This will also be shown on your credit report – and’ honestly, it’s not great. The bankruptcy will stay on the credit report for between 7-10 years depending on the type and situation. Your credit score will go down, but most of your outstanding debts will go away.
But the bankruptcy process can stop the foreclosure process – it won’t make it go away. But you will get more time, and even can get help working through everything. You can stay in your home, for a little while longer.
These next solutions might work but aren’t guaranteed to stop the process like Bankruptcy.
Using a Loan Modification to Stop a Foreclosure
A loan modification is when you and the mortgage company or bank work together to change the terms of your loan to make it easier for you to repay.

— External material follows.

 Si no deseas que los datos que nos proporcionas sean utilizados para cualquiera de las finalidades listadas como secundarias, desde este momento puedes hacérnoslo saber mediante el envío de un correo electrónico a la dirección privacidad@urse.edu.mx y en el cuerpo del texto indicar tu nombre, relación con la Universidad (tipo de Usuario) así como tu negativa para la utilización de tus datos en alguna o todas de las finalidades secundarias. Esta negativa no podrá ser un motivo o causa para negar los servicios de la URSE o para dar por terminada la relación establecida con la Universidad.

The bank doesn’t need to do this, but they might because:
- They keep getting paid back for their loan
- It is less expensive legally to work something out without involving lawyers and the courts
- There is no delay – where foreclosure can go on for months, a Loan modification can go into effect right away.

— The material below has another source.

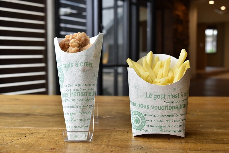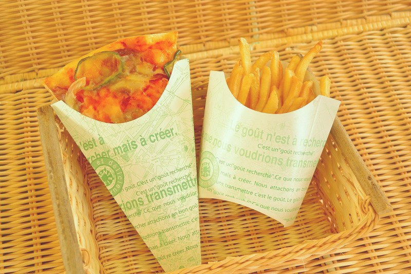 三角袋はポテトやピザ・クレープなど、油ものを入れるのに最適です。

Ideally, the moment you realize that you are going to have a problem paying your monthly payment it is worth contacting your mortgage lender to try to work something out. The longer you wait, the less likely they are to help. And remember, they are under no obligation to help at all.

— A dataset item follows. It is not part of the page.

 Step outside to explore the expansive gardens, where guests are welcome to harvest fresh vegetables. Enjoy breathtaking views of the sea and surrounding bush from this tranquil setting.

Be careful about dual tracking. The bank might be trying to work with you on a loan modification, but at the same time, they could be still proceeding with the foreclosure process.
If they are dual tracking, it could be illegal in your state and you could sue the bank to stop the process. Again, consult an attorney.
Selling the Home
You can sell the house to repay the outstanding mortgage debt.
Remember that before you get any proceeds from the sale, there are already liens on the home – A title search, but a title company will reveal what they are. But if you have a mortgage, then the bank or mortgage company has a 1st lien already in place, so they get paid before you do.
Also, this process only works if you have positive equity in the home, meaning it is worth more now than when you purchased it.
If you owe more than the house is worth, you are underwater and need a short sale.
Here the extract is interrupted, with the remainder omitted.